The variations are the obvious next steps once the base exists. Add raw carrot, tomato, lettuce, and a light vinaigrette and the build becomes the sandwich poulet-crudités; fold the chicken with a curried mayonnaise and a few sultanas and it becomes the sandwich poulet-curry; build it from a freshly carved roti bird with the skin included and the build is the sandwich poulet rôti. Each is one small addition to the same plain start. The closest non-baguette sibling is the wrap poulet, the chain-bakery chicken cylinder on a Tex-Mex wheat tortilla that took its slot beside the half-baguette in the chilled cabinet through the late 1990s and 2000s; the baguette version stays in the traditional boulangerie register and the wrap moved the same filling onto a different bread vehicle.
The post-war French chicken counter
The plain chicken baguette has no single founding shop and no documented inventor. It belongs to the standing French boulangerie sandwich tradition that codified through the post-war decades as the long thin baguette became the national bread and the cold-counter sandwich became the noon working-hours order. Roland Barthes wrote about the French sandwich tradition in Mythologies in 1957, naming bread and wine and the daily lunch loaf together as the working French meal of the post-war years; the chicken baguette took its slot on that counter alongside the jambon-beurre and the saucisson-beurre across the 1950s and 1960s, when the post-war French chicken trade and the cooperative poultry industry made cooked chicken cheap and standard on the boulangerie shelf.

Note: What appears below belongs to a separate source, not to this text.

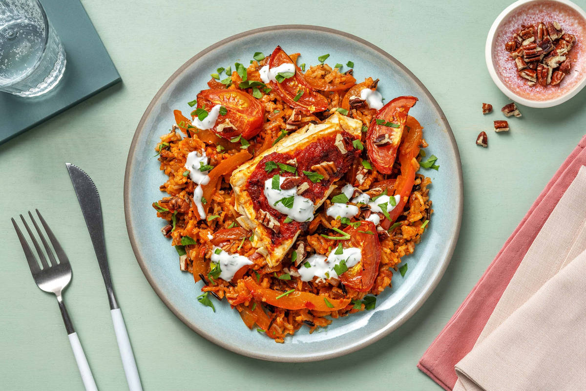 Wildreispfanne mit Salz* und Pfeffer* abschmecken und auf Tellern verteilen. Feta, geschmolzene Tomaten und das Dressing darüber verteilen. Mit gehackter Petersilie und Pekannüssen garnieren und genießen. Guten Appetit!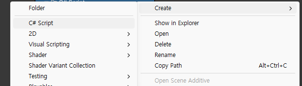 프로젝트 에셋 폴더 안에 Script폴더를 추가하고 폴더 안에 C# 스크립트 파일을 추가해준다.

The poultry trade behind the bird is dated. The Poulet de Bresse received French AOC recognition in 1957, the first French poultry breed protected under appellation law, with the European Union confirming the cooperative breed registration as a Protected Designation of Origin in 1996. The Loué cooperative, founded in the Sarthe region in 1958 as Les Fermiers de Loué, took French Label Rouge certification for its free-range chicken in 1965, the first Label Rouge issued to a poultry producer. The Label Rouge French quality mark for free-range chicken set the standard the chain-boulangerie chicken sandwich is built on; the chain-bakery sandwich uses commodity chicken rather than the named Bresse or Loué bird, but the protected breeds set the working reference the slate is measured against.
The chain-bakery sandwich category that turned the boulangerie counter into a national chilled-shelf market is dated more recently. The Paris chain Pomme de Pain opened in 1981 as the first French bakery chain organised around the chilled-shelf sandwich; Brioche Dorée under the Le Duff Group opened in 1976 and added a standing sandwich counter through the 1980s; Paul, the older Lille-founded bakery now under the Holder Group, ran a sandwich counter in its modern format from the 1990s. Class'Croute, founded in Paris in 1986 by Jean-Pierre Boucher, ran the chilled-shelf chicken sandwich as a standing menu item from its first branches and remains the office-delivery reference. By the late 2010s the Gira Conseil sandwich-trade survey counted the French sandwich market at 2.5 billion units sold annually, with the chain Brioche Dorée alone reporting over 350 standing French branches and the chicken family the second-largest chilled-shelf filling behind the jambon de Paris.